Callé un par se segundos, no por las complicaciones del camino en el que nos habíamos introducido, sino por algo más grave, algo que ella notó a los pocos segundos.

—¿A qué viene esa congoja?

—Es altamente probable que no salgas viva de ésta, incluso si estás conmigo —no merecía la pena ocultarle nada: ella siempre notaría que le estaba escondiendo algún detalle.

—¿Y no estás pensando un plan para remediarlo? —no sonaba molesta sino sorprendida.

—Si te disparan y ves la bala a medio metro de tu cabeza, ¿cómo reaccionarías?
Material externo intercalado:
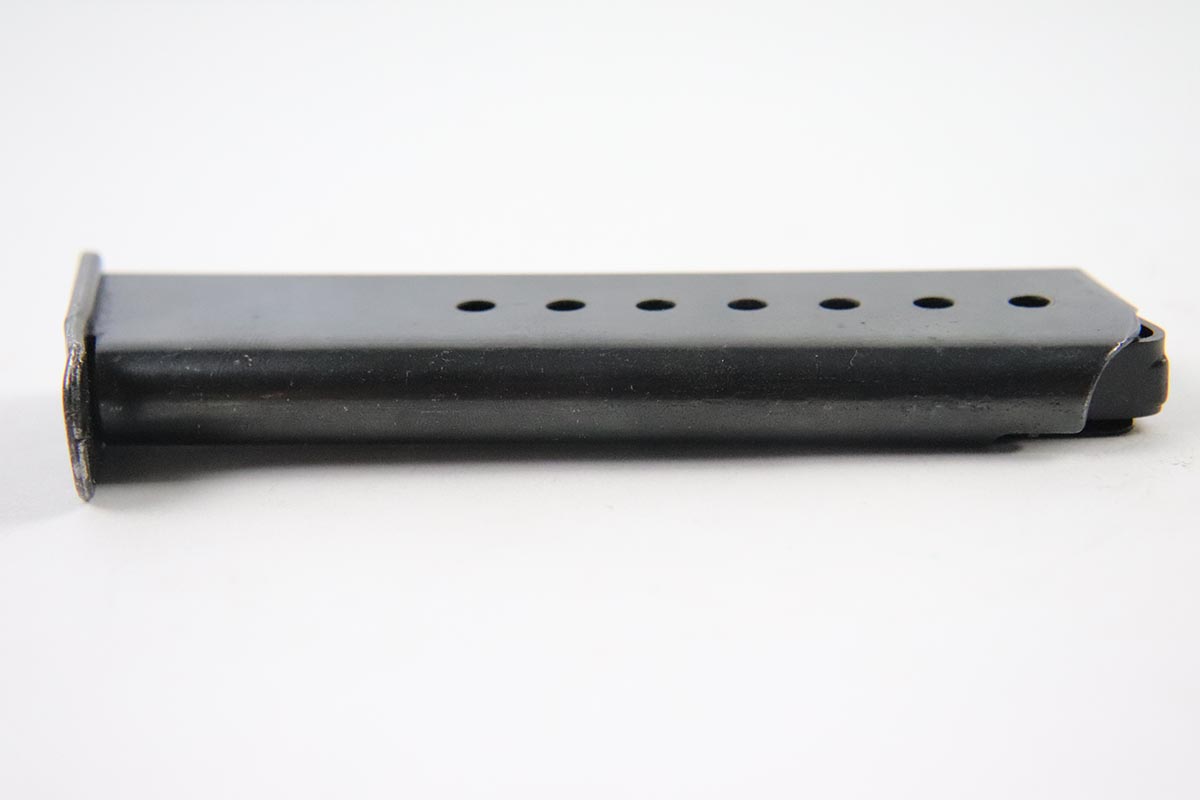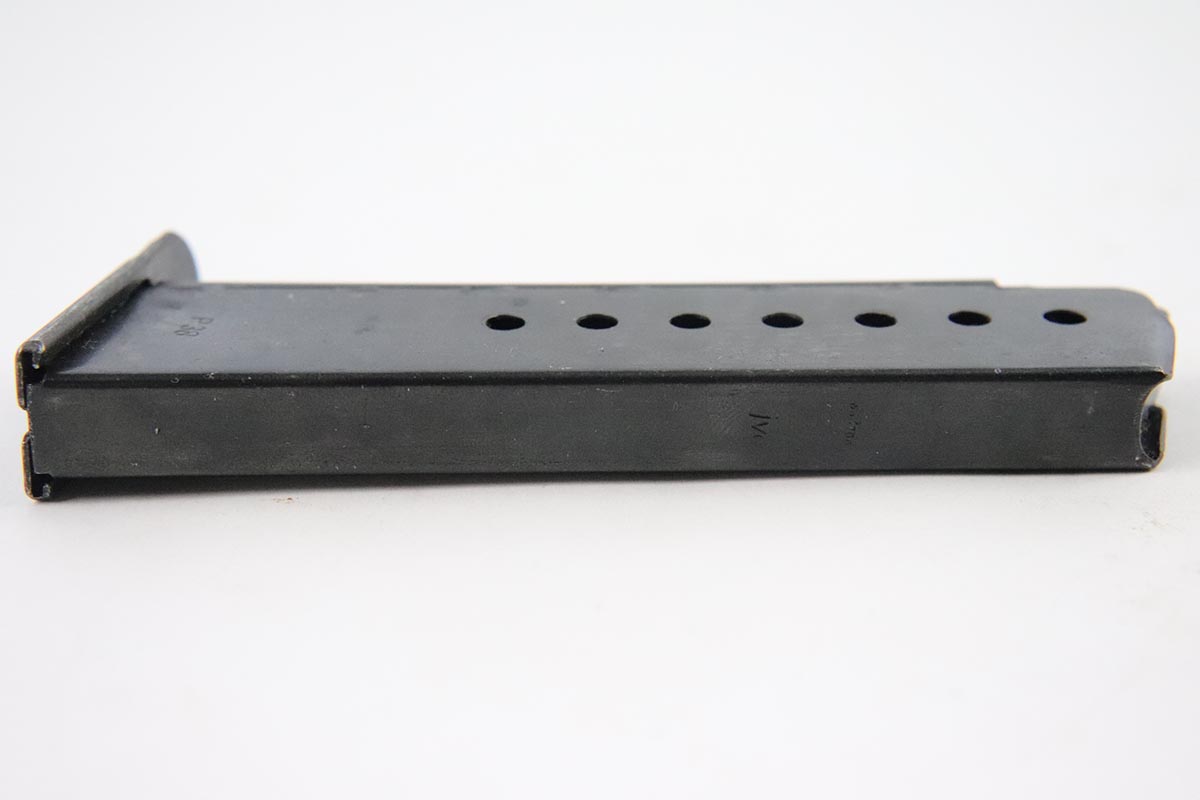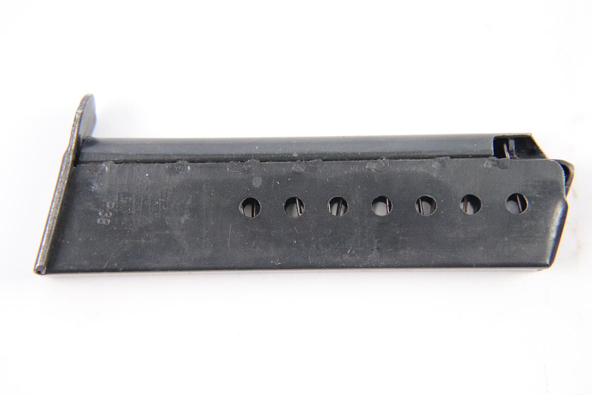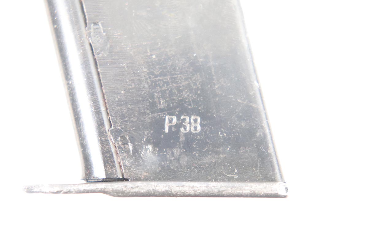 5/15/18 – This is an excellent, WW2 original P.38 magazine made by jvd. The spine of the magazine is “jvd” stamped with a waffen proof WaA706. The left side of the magazine is “P38” stamped. There is no rust or pitting, and the spring is fully functional.

Lo quieras o no, con esa salida de tono que tuviste con Dijuana, no tengo mucho margen de maniobra —casi parecía un reproche, pero es que no había otra forma de decirlo—. De todas formas, en mi mano tengo la única cosa con la que podríamos negociar que salgas con vida —alcé la barra de hierro y ella comprendió de inmediato—. Es altamente probable que mueras, igualmente.

—¿Y tú?

—Aún estoy calculando, pero es muy probable que no tengas que esperar mucho por mí. Si es matar a Lobos, la mayor parte no me dan problemas. Pero ya Nothiss, ya Anaissa, ya la misma Dijuana están hechas de una pasta muy diferente.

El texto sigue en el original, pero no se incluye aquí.